“He was asking too many questions and he was asking them too quickly. They were stacking up in my head like loaves in the bread factory where uncle Terry works. The factory is a bakery and he operates the slicing machines. And sometimes the machine isn’t working fast enough but the bread keeps coming and there is a blockage. I sometimes think of my mind as a machine, but not always as a bread-slicing machine. It makes it easier to explain to other people what is going on inside it.“
Christopher is a 15-year-old child, suffering from Autism. He lives with his father and goes to a special school. His mother died of a heart attack. Christopher can recall how his parents used to fight because he is ‘different’. He hates the colors yellow and brown. He hates metaphors. He hates to be in crowded places. His school, and a teacher named Siobhan, helps him learn arts, math and Stranger Danger. He informs us that it’s a special school but it annoys him when people call his school a “special school” and that all the students there have “learning difficulties”. He observes that all of us have special needs and all of us have learning difficulties. Learning French or Relativity is difficult. His father has special needs like using artificial sweeteners to help him stay slim.

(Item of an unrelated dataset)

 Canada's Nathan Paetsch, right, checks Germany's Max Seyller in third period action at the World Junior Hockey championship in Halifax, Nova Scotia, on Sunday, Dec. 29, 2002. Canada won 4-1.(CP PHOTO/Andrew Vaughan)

Chris has a photographic memory and can make the map of Swindon or London in his mind quickly. He loves studying stars, noticing people and their expressions and plans to sit for his Math A level exam. He can accurately recall the different patterns the cows, standing in a field, had because all he has to do is rewind, fast forward and pause!

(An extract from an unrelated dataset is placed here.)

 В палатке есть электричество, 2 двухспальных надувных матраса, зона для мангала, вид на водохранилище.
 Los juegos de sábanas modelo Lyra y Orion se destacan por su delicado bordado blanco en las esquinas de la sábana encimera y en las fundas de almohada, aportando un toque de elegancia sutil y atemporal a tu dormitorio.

Interestingly, the title of the book does not have much to do with the plot. Chris is detecting a case involving the murder of his neighbor’s dog, named Wellington. And no! I haven’t revealed the plot to you.
What Chris discovers while investigating the case (and he does it Sherlock Holmes ishtyle!) is what makes the book so interesting. As the story unfolds, the reader will find himself amused and entertained. Who is Mr. And Mrs. Shears? Why does Chris’s father insist that he stay out of other people’s business? Why shouldn’t Chris investigate the case? Is his mother really dead?

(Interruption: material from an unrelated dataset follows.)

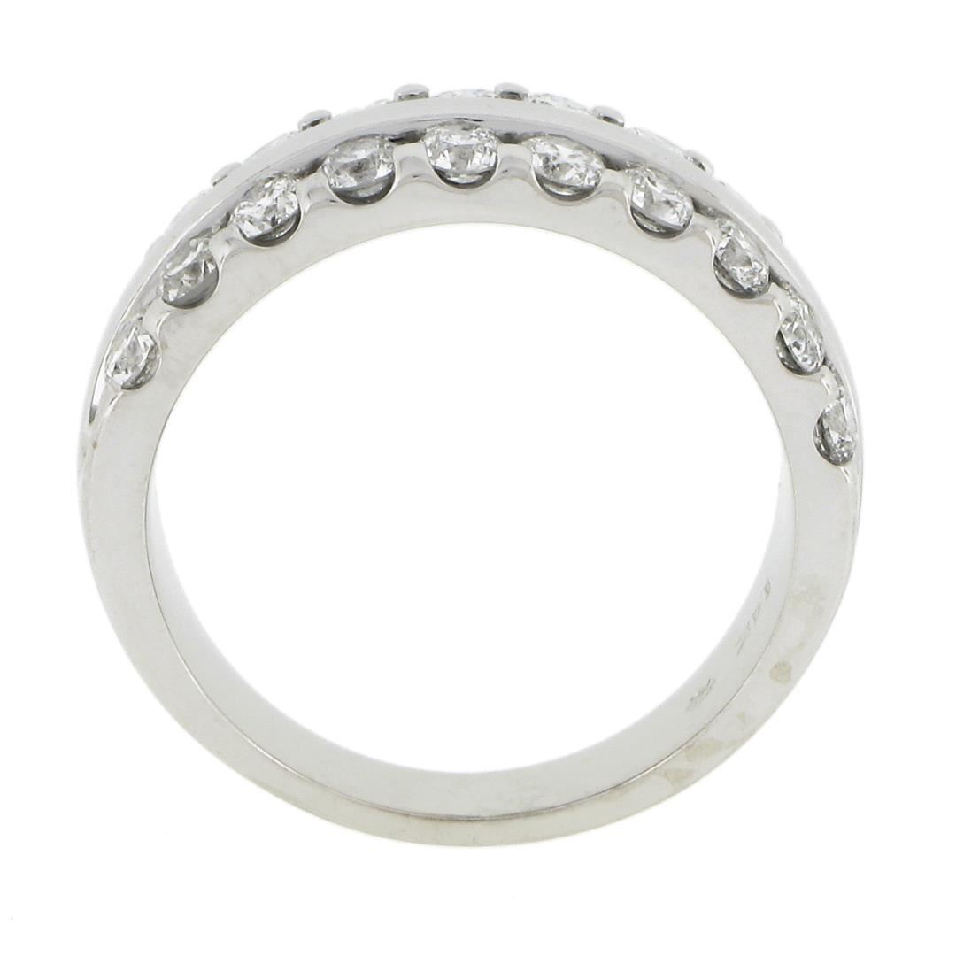 A solid 14k white gold band ring, with 20 round cur natural diamonds (G/H - SI1/SI2 w/ a few I1 ; 1.20ctw). The ring is size 7.0, weighs a total of 6.78 grams, and measures 7.7mm wide.

The language is simple and the narrative arresting. The book is not only a good and a quick read on a nice Sunday afternoon. It also delves deep into Autism and the world of those suffering from it. When you have finished the book, you know what a child suffering from Autism feels within his mind and heart.
Mark Haddon has got inside the mind of a child suffering from Autism and brilliantly carved another unforgettable character!